Stephen dari Antioka menerjemahkan sebuah buku di bidang kedokteran karya Al-Majusi di Antioka pada tahun 1127. Karya itu merupakan satu-satunya karya berbahasa Arab yang dibawa oleh orang Franka ke negeri mereka. Akan tetapi, pada abad 12, dapat dilihat pusat-pusat medis banyak didirikan dan rumah sakit khusus penyakit lepra banyak dibangun di seluruh kawasan Eropa.
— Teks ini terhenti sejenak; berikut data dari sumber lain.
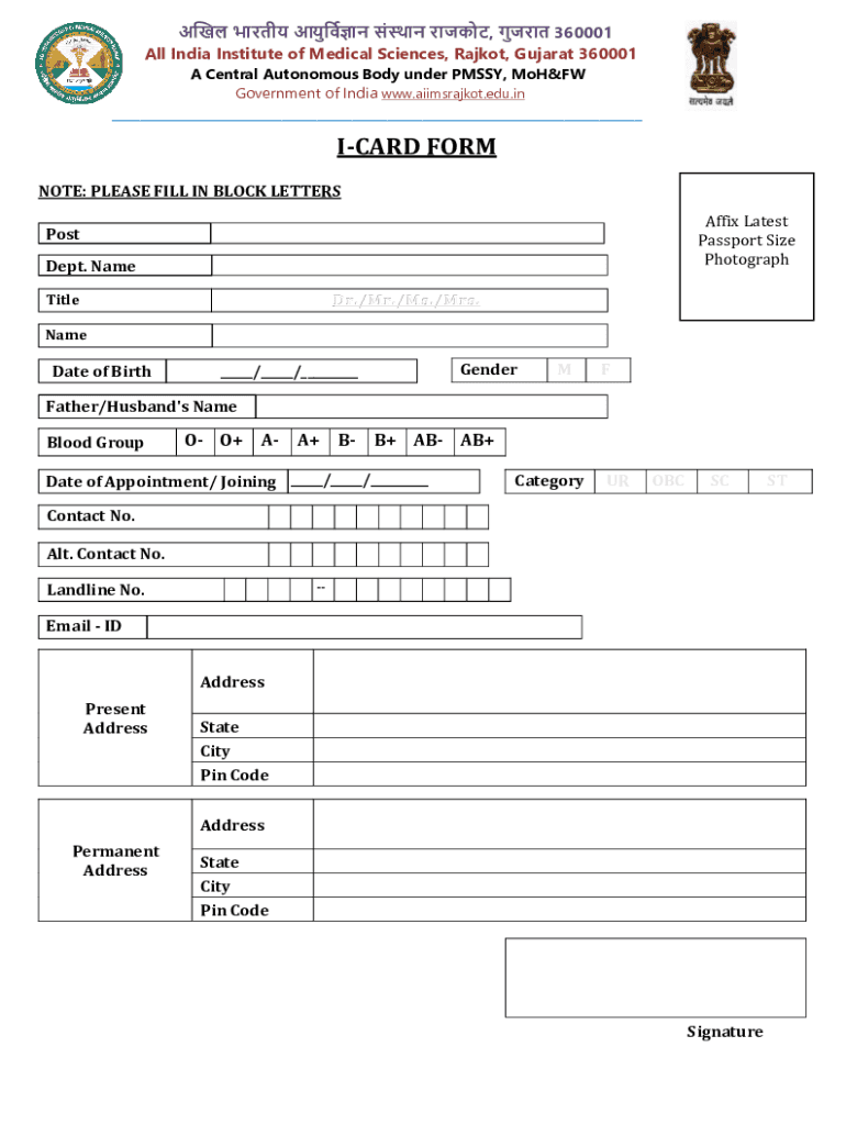, 360001 All India Institute of Medical Sciences, Rajkot, Gujarat 360001 A Central Autonomous Body under PUSSY, Moscow Government of India www.aiimsrajkot.edu.in___ICARD FORM NOTE: PLEASE FILL IN

Selain itu, ada pula Philip dari Tripoli yang sekitar tahun 1247 menemukan sebuah manuskrip berbahasa Arab yang berjudul Sirr al-Asrar, yang diperkirakan disusun oleh Aristoteles untuk membimbing Alexander Agung. Karya tersebut kemudian ditejemahkan oleh Philip ke dalam bahasa Latin dengan judul Secretum Secretorum. Karya semi-Aristotelian ini berisi tentang kebijaksanaan praktis dan ilmu tentang dunia gaib (okultis). Buku ini menjadi salah satu buku yang sangat populer pada Abad Pertengahan.

Dalam bidang sastra, kisah-kisah legenda Grail Yang Suci mengandung elemen yang berasal dari Suriah. Karya Geoffery Chaucer yang berjudul Squieres Tale merupakan cuplikan dari Kisah Seribu Satu Malam. Selain itu, ada Bonaccio yang memperoleh beberapa cerita berupa tradisi lisan. Ia mengumpulkannya dalam sebuah buku yang berjudul Decaremon.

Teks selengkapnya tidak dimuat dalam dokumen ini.